I would greatly appreciate any help. Please let me know if it is not clear.
04-01-2014 11:36 AM
It would help to post an example of some of the data or dummy data or at least an example of the data structure and the code you are currently using to create the histogram.
Also, if you can post an example of what the final chart should look like.
It is likely if you are using a statistical graph out of a procedure such as Univariate that you'll have to summarize data and use another graphing procedure.
04-01-2014 08:36 PM
Here is the code I am using to create the histogram:
* Define endpoints of histogram at which to accumulate tails;
%let leftTail = -10;
%let rightTail = 10;
* Define histogram bin size;
%let binsize = 1;
* Define horizontal axis limits of histograms;
* If startHisto and endHisto are integers, then 0 will be the midpoint of a bin;
%let startHisto = -20;
%let endHisto = 20;
* Define missing-mass and zero-spike intervals;
%let a = -10; * Start point of missing-mass interval;
%let b = -5; * End point of missing-mass interval;
%let c = -0.5; * Start point of zero-spike interval;
%let d = 0.5; * End point of zero-spike interval;
* Plot histogram;
proc univariate data=temp3histo1 nextrobs=0;
histogram / midpoints= &startHisto to &endHisto by &binsize;
inset mean median std skewness p10 p90;
This is basically the structure of the variable(it is a percent change) that I want to bin in 1% intervals and then graph the height of each bin.(And I have millions of those) The other variables are irrelevant for what I am trying to do, although I want to keep all the data. Ideally, i would be able to use my histogram code to graph it, but I have no idea how. I want to preserve the bins and the tails that I have in the histogram. Data lower than or higher than the lower and upper tail respectively will accumulate there.

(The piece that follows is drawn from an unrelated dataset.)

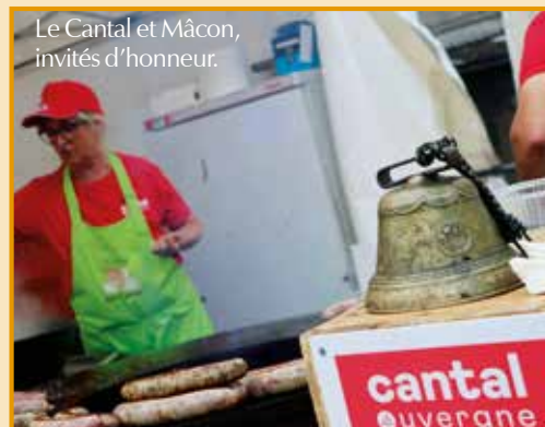
Le Cantal et Mâcon, invités d'honneur.

Do you have an idea how I may be able to do that? Also, is it even possible to combine a customized graph with a histogram?
04-02-2014 08:52 AM
I don't fully understand what line you are trying to graph, but here are two ideas that I think will help:
1) Read the article How to overlay a custom density curve on a histogram in SAS - The DO Loop That shows a GTL template that you can use to accomplish what you want.
2) You can get the midpoints of the histogram by using the OUTHIST= option on the HISTOGRAM stmt. See the beginning of this article: Bin observations by using custom cut points and unevenly spaced bins - The DO Loop
By combining these ideas, I think you will be 90% to your goal.